Here, you can select the namespace where you want to deploy the GPU Operator. The suggested namespace to use is the nvidia-gpu-operator. You can choose any existing namespace or create a new namespace under Select a Namespace.

If you install in any other namespace other than nvidia-gpu-operator, the GPU Operator will not automatically enable namespace monitoring, and metrics and alerts will not be collected by Prometheus. If only trusted operators are installed in this namespace, you can manually enable namespace monitoring with this command:

$ oc label ns/$NAMESPACE_NAME openshift.io/cluster-monitoring=true

Proceed to Create the cluster policy for the NVIDIA GPU Operator.

Installing the NVIDIA GPU Operator using the CLI

As a cluster administrator, you can install the NVIDIA GPU Operator using the OpenShift CLI (oc).

  1. Create a namespace for the NVIDIA GPU Operator.

    1. Create the following Namespace custom resource (CR) that defines the nvidia-gpu-operator namespace, and then save the YAML in the nvidia-gpu-operator.yaml file:

      apiVersion: v1
      kind: Namespace
      metadata:
        name: nvidia-gpu-operator
      

      Note

      The suggested namespace to use is the nvidia-gpu-operator. You can choose any existing namespace or create a new namespace name. If you install in any other namespace other than nvidia-gpu-operator, the GPU Operator will not automatically enable namespace monitoring, and metrics and alerts will not be collected by Prometheus.
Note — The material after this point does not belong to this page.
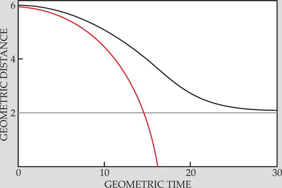 Figure 3. Fall towards a Schwarzschild black hole as seen by a comoving observer (color) and a distant observer (black). The proper time for the free fall to the center is finite, although the approach to the Schwarzschild radius as seen by a distant observer is asymptotic in time. “Geometric distance” and “geometric time” are measured in units of the mass of the black hole.

      If only trusted operators are installed in this namespace, you can manually enable namespace monitoring with this command:

      $ oc label ns/$NAMESPACE_NAME openshift.io/cluster-monitoring=true
      
    2. Create the namespace by running the following command:

      $ oc create -f nvidia-gpu-operator.yaml
      
      namespace/nvidia-gpu-operator created
      
  2. Install the NVIDIA GPU Operator in the namespace you created in the previous step by creating the following objects:

    1. Create the following OperatorGroup CR and save the YAML in the nvidia-gpu-operatorgroup.yaml file:

      apiVersion: operators.coreos.com/v1
      kind: OperatorGroup
      metadata:
        name: nvidia-gpu-operator-group
        namespace: nvidia-gpu-operator
      spec:
       targetNamespaces:
       - nvidia-gpu-operator
      
    2. Create the OperatorGroup CR by running the following command:

      $ oc create -f nvidia-gpu-operatorgroup.yaml
      
      operatorgroup.operators.coreos.com/nvidia-gpu-operator-group created
      
  3. Run the following command to get the channel value required for step number 5.
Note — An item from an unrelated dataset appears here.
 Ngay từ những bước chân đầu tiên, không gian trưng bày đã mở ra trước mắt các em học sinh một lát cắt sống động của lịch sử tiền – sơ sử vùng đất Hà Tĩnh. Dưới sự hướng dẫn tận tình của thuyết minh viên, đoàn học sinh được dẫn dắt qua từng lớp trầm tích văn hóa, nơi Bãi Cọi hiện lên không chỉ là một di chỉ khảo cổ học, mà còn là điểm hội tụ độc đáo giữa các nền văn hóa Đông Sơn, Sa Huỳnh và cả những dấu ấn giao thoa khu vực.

    $ oc get packagemanifest gpu-operator-certified -n openshift-marketplace -o jsonpath='{.status.defaultChannel}'
    

    Example output

    v22.9
    
  4. Run the following commands to get the startingCSV value required for step number 5.

    $ CHANNEL=v22.9
    
    $ oc get packagemanifests/gpu-operator-certified -n openshift-marketplace -ojson | jq -r '.status.channels[] | select(.name == "'$CHANNEL'") | .currentCSV'
    

    Example output

    gpu-operator-certified.v22.9.0
    
  5. Create the following Subscription CR and save the YAML in the nvidia-gpu-sub.yaml file:

    apiVersion: operators.coreos.com/v1alpha1
    kind: Subscription
    metadata:
      name: gpu-operator-certified
      namespace: nvidia-gpu-operator
    spec:
      channel: "v22.9"
      installPlanApproval: Manual
      name: gpu-operator-certified
      source: certified-operators
      sourceNamespace: openshift-marketplace
      startingCSV: "gpu-operator-certified.v22.9.0"
    

    Note

    Update the channel and startingCSV fields with the information returned in step 3 and 4.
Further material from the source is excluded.